Originally Posted By: thrillisgone
I guess what I'm looking for is a real way to keep the door open without being a doormat or crowding her or looking needy.
It takes skill and time to master. It can be very challenging. I know this first hand. Avoid things that can make you feel like a doormat. Not only do they make you feel used, they are not generally big love bank deposits to her. Generally these are physical or monetary actions (taking care of her car, fixing her house etc. Instead do things that will make her feel like you care for her on an emotional level. Things like, be there to talk when she needs you, tell her things to make herself feel good, show her affection, understanding and caring.

Originally Posted By: thrillisgone
There is a fine line between being detached and keeping the lines of communication open.
Not at all. In fact if you truly detach then the lines of communication open up, because you are not so controlled by your emotions and feelings and you are more prone to be honest and open.

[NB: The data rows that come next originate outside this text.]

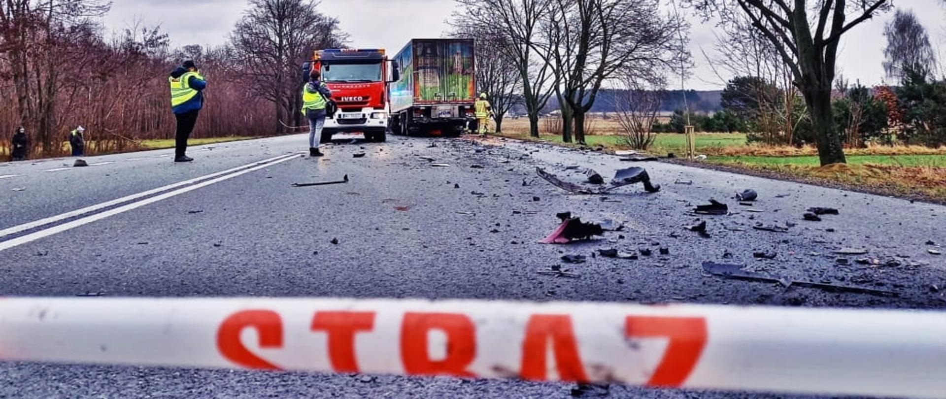 W wyniku zjechania na przeciwległy pas ruchu samochodu osobowego doszło do zderzenia czołowego z pojazdem ciężarowym, co doprowadziło do śmierci kierowcy samochodu osobowego.
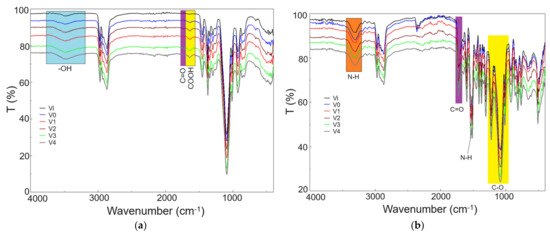 FTIR analysis was employed to observe structural modifications resulting from both irradiation and the introduction of silver nanoparticles into the foam structure. The FTIR spectra recorded on polyol and polyurethane foam samples are presented in Figure 4a and Figure 4b, respectively. In the case of polyol samples (Figure 4a), the FTIR spectra exhibit slight changes in regions corresponding to hydroxyl groups (-OH, 3300–3500 cm−1), carbonyl (C=O, 1710–1730 cm−1), and carboxyl (COOH, 1500–1700 cm−1) [36,45], with their intensity increasing from V0 to V4. However, comparing sample V0 (50 kGy, without AgNPs) to sample V1 (50 kGy, with AgNPs), the spectra are similar, except for the disappearance of the peak at 1723 cm−1 (C=O) in sample V1, possibly due to AgNPs attachment. The FTIR spectra recorded on PUF foams (Figure 4b) exhibit characteristic bands of polyurethane foams [46,47], including N-H (3210–3430 cm−1), C=O (1670–1760 cm−1), and C-O (980–1260 cm−1). Assessing the influence of AgNPs and polyol irradiation on the chemical structure of PUF via FTIR analysis is challenging due to the complex spectrum structure and the overlapping bands specific to AgNPs interaction with the polyurethane matrix.
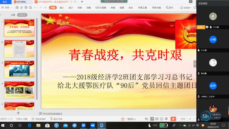 为深入学习贯彻习近平总书记给北京大学援鄂医疗队“90后”党员回信精神,广泛发动团员青年向在疫情防控一线担当奉献的青年学习,近日,经济学院各团支部依托网络平台开展学习习总书记给北京大学援鄂医疗队“90后”党员回信线上主题团日活动。
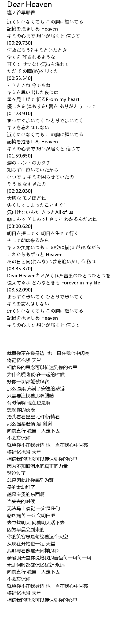 | [03:36.750] | Dear Heavenキミがくれた言葉のひとつひとつを |

Do not confuse detaching with giving up, walking away, shutting her out. None of those are actions are even remotely close to detaching. If you think they are, then you need to look more into what detaching is. Let me know if I can help you with that. I struggled with it for quite awhile.

Originally Posted By: thrillisgone
She lies and distorts the truth alot.
Do you think she does that to hide things from you or is it just her way of protecting herself from being vulnerable and hurt?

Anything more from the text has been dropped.